The project aims to redefine spas and health resorts as a central concept and location of European debates. The researchers aim to investigate how the public space of spas, with characteristic institutions such as the spa park, sanatorium, grand hotels, and casinos developed as a stage for the negotiation of political, social, and cultural matters of European relevance. They will also look into when the institution of the spa as a transnational place changes or dissolves due to pressure from national and ideological divisions on the continent. Finally, the researchers will pose the question of how health spas today function as a form of cultural heritage, between nostalgia and a wellness boom.

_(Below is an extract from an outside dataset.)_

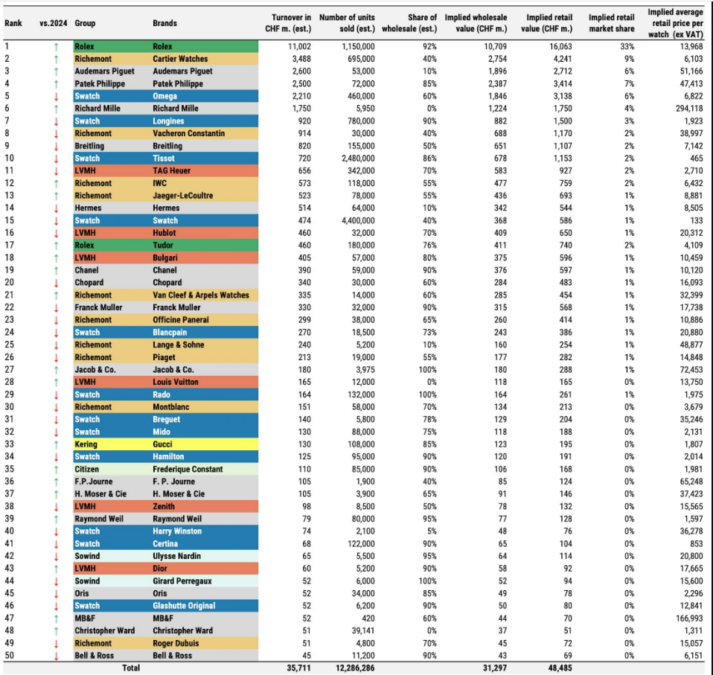 - Rolex: 11.002 millones de francos suizos (10.583 millones en 2024).

Up to now, research on the subject has focused primarily on the historical development. To date, there has been no detailed empirical study devoted to the phenomenon in its pan-European character and related cultural practices. Christian Noack from the University of Amsterdam, the project leader, said that the HERA funding will help the researchers to overcome national and disciplinary boundaries and enable them to investigate the history of European spas with a genuinely transnational and interdisciplinary approach.
With its multidisciplinary approach, the project combines methods from history and literary studies with approaches from the digital humanities. The European bathing landscape will be mapped using data. The researchers will be working with sources in about a dozen European languages. The funding is for a three-year period.
The HERA funding line supports innovative formats of academic transfer. In addition to the traditional monograph, the researchers, in cooperation with participating spa museums, will design a “traveling exhibition” to be shown in Germany, England, Poland, and Croatia.